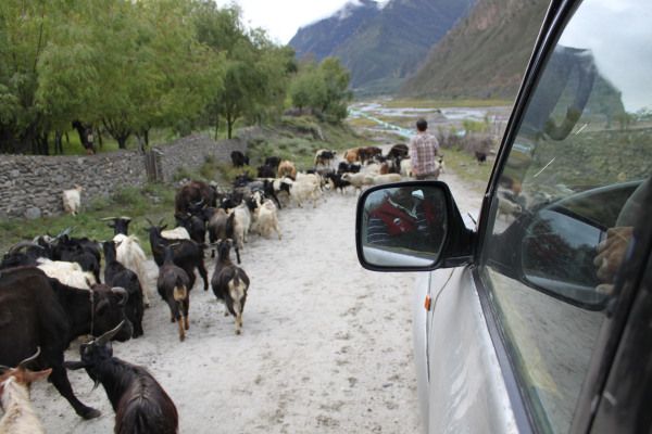 正前方出现了一群山羊,任凭师傅的喇叭有多响,山羊们就是不肯离开路面,无奈之下,我下车充当了临时羊倌。小玉趁机拍了张我的背影。
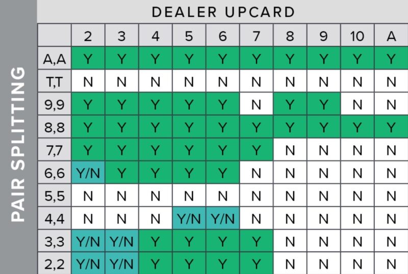 Trebuie să mai știți că există o mână pe care ar fi bine să nu o splitați. Dacă aveți o pereche de 10, păstrați mâna așa. Motivul este cât se poate de simplu: aveți o mână ideală având un total de 20. Șansele sunt în favoarea ta, indiferent de mâna dealerului.
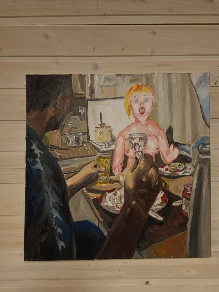 Г-да художники, эту картину увеличить до размера 3на 5, да подключить толкового искусствоведа! В интерьере у солидных покупателей она очень даже впишется! У них принято вешать крупные размеры , "со страшинкой", депрессухой.Если эта работа уже не ушла через солидную галерею.
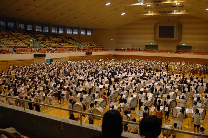 例によって混雑する駐車場に恐れをなして、一時間前に会場に入ったら車寄せもまだ空いていて、スムーズに楽器(でっかいほうのチューバ)とコドモを下ろし、車も駐車場に止めることができた。…しかしそんなことをしている間にもどんどん保護者の車が増え、とても「後で迎えに来るね」とは言えない状況に…。後で迎えに来たら車を止めるところもなさそうだ。仕事の締め切りは迫っているが、もう仕方ないから私も練習に付き合うか。会場に着くまでは、このイベントが小中合同ではなく小学生だけのパレードだと思っていたノンキな私。松本市中の小中の子供+保護者??…そりゃあ、すごい人数になる訳である(本番のパレード人員は3千人余りだそうだ)。
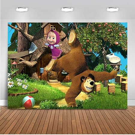 Amazon Com 5x3ft Dibujos Animados Masha Y El Oso Tema Fotografia Fondo Verde Hierba Flores Conejo Bebe Ducha Cumpleanos Telones De Fondo Ninas Princesa Foto Estudio Apoyos Banner Camera Photo

ASSIGNMENT: Every line from the top of the material above through the line with "Trebuie să mai" should be duplicated exactly, please; leave out the pictures.

YOUR SOLUTION:
 正前方出现了一群山羊,任凭师傅的喇叭有多响,山羊们就是不肯离开路面,无奈之下,我下车充当了临时羊倌。小玉趁机拍了张我的背影。
 Trebuie să mai știți că există o mână pe care ar fi bine să nu o splitați. Dacă aveți o pereche de 10, păstrați mâna așa. Motivul este cât se poate de simplu: aveți o mână ideală având un total de 20. Șansele sunt în favoarea ta, indiferent de mâna dealerului.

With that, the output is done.